Company now looking to get into mining cryptocurrency
Long Blockchain Corp. (formerly known as Long Island Iced Tea) revealed concrete details of the company’s new blockchain strategy. Long Blockchain planned to raise up to $8.4 million by selling 1,603,294 shares at a price of $5.25 per share to finance the purchasing 1,000 AntMiner
S9 units, along with power supplies, for $4.2 million, according to documents filed with the US Securities and Exchange Commission (SEC) and dated Jan. 4.
The machines would be “installed in a world-class third-party data center experienced in cryptocurrency mining and located in a Nordic country.”

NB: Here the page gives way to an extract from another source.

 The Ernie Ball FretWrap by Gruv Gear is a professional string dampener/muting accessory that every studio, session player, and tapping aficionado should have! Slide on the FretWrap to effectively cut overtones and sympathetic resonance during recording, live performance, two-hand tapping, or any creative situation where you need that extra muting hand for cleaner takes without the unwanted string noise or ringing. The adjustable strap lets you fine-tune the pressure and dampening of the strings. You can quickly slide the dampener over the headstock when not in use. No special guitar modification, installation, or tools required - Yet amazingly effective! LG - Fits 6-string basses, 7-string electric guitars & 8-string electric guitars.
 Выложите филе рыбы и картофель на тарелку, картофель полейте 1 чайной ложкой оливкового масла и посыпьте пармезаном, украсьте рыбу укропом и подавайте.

Today the company has announced that it was scrapping the stock offering, but it’s still planning to buy bitcoin-mining hardware and says that it “can make no assurances that it will be able to finance the purchase of the mining equipment.”
According to its most recent earnings report for the quarter ended September 30, 2017, the company had $439,673 in cash on hand, but reported a loss of $0.43 per share.
Long Blockchain Corp. is still in development, but is expected to pursue opportunities including building blockchain infrastructure or software for financial services. The company is also looking into a platform for “smart” contracts for “building decentralized applications that provides scalability beyond” what is available now.
The real question is: why should a beverage company get into the blockchain business in the first place? Companies are looking to deploy blockchain which helps improve their core business—such as optimizing supply chain management. However, what is surprising is that Long
Blockchain Corp. is planning on mining cryptocurrencies, which is an unusual play for the corporation.